> **WHAT YOU HAVE TO DO**
Please return only the lines between the line with "12、洗脸盆浴缸连体,玻璃透明设置有点不怀好意。" and the final line of the entries, both included, and exclude pictures.

Records from a data collection:
____________________
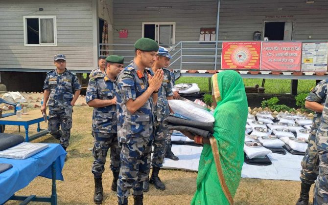 पुरा पढ्नुहोससर्लाही । सर्लाही जिल्लाको विष्णु गाउँपालिका–१ स्थित बारा उद्योरण बस्तीका आगलागी पीडितहरुलाई बैशाख २२ गते सशस्त्र प्रहरी बल नेपाल नं. २ छिन्नामस्ता बाहिनी मुख्यालय महोत्तरीले राहत वितरण गरेको छ । बाहिनीपति सशस्त्र प्रहरी नायव महानिरीक्षक
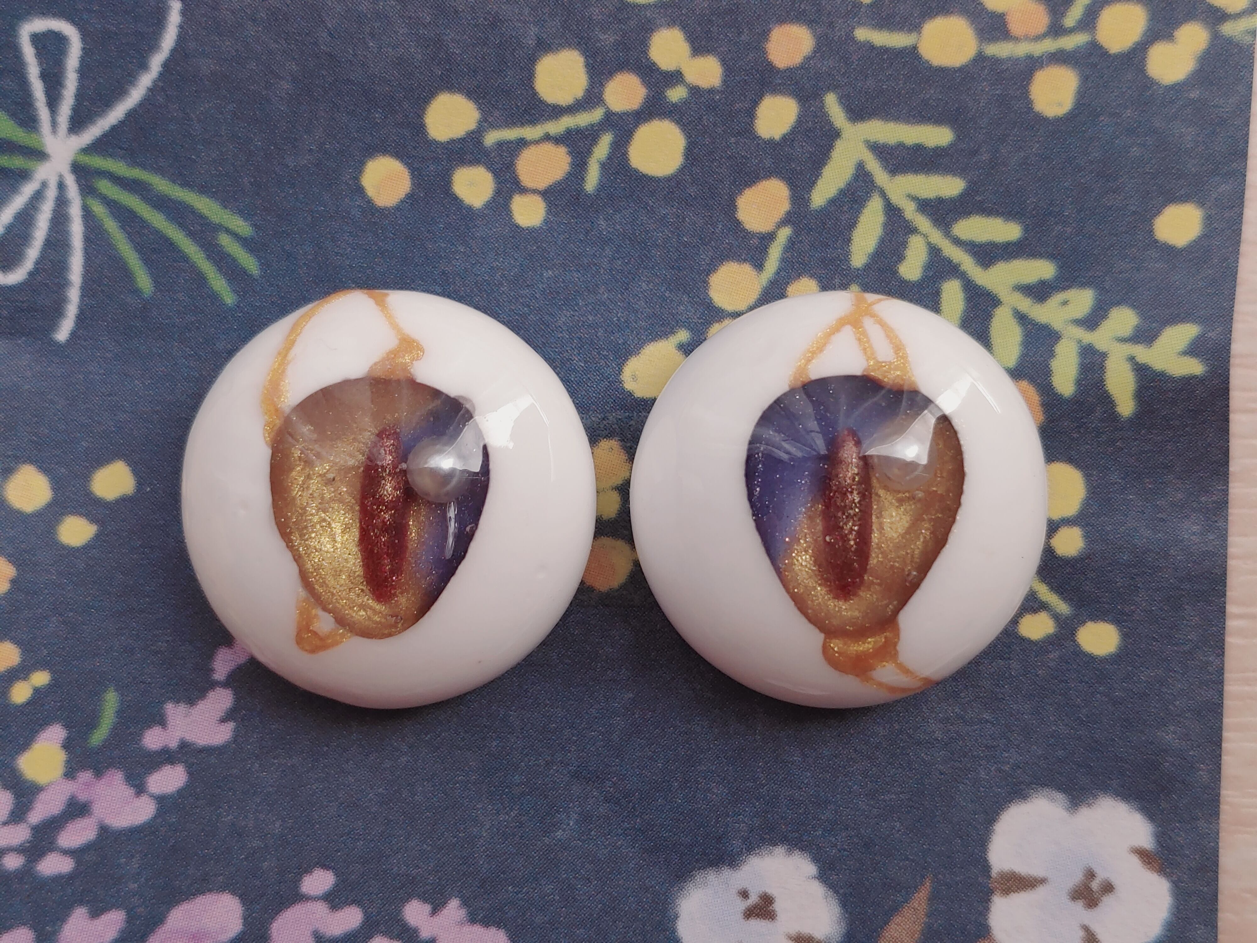 こちら20㎜のブルーとゴールドカラーを使った石膏製、ドール用アイです!
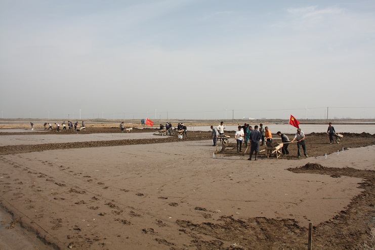 據(jù)了解,《淮鹽制作技藝》已于2015年成功申報國家級非物質(zhì)文化遺產(chǎn)保護項目并審核通過。此次央視攝制組主要圍繞淮鹽發(fā)展歷史來我公司拍攝平面灘、對口灘等制鹽工藝及過程,為制作淮鹽文化宣傳片收集影像資料。埒南制鹽分公司黨支部在接到通知后,高度重視此項工作,迅速組織黨員職工及有經(jīng)驗的班組長投入到灘地改造工作中來,為確保此次拍攝工作順利進行奠定了扎實的基礎(chǔ)。活動現(xiàn)場,大家按照事先劃分好的區(qū)域分工協(xié)作,互相配合,有鏟泥的,有利用獨輪車推泥的,不一會功夫就完成了四條池埝的制作。據(jù)“淮鹽文化傳承人”韓井軍介紹,下一步在平面灘制作完成后,再對格塊進行晾曬、“三嗆四壓”等工序后才能投入使用。(封楊)
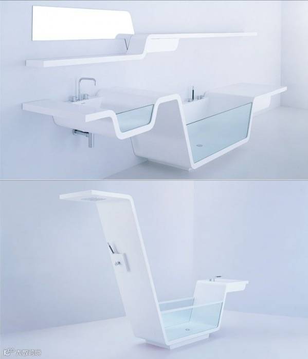 12、洗脸盆浴缸连体,玻璃透明设置有点不怀好意。
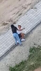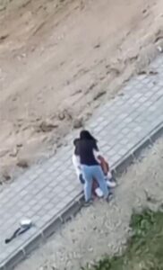Kaldırımda oturan erkeğe defalarca kez “Seni öldürürüm” diye tehditte bulunan genç kız, daha sonrada erkeğe şiddet uygulamaya başladı. Tokat atan genç kıza erkeğin tepki göstermesi de dikkat çekti.
____________________
> **YOUR SOLUTION**
 12、洗脸盆浴缸连体,玻璃透明设置有点不怀好意。
Kaldırımda oturan erkeğe defalarca kez “Seni öldürürüm” diye tehditte bulunan genç kız, daha sonrada erkeğe şiddet uygulamaya başladı. Tokat atan genç kıza erkeğin tepki göstermesi de dikkat çekti.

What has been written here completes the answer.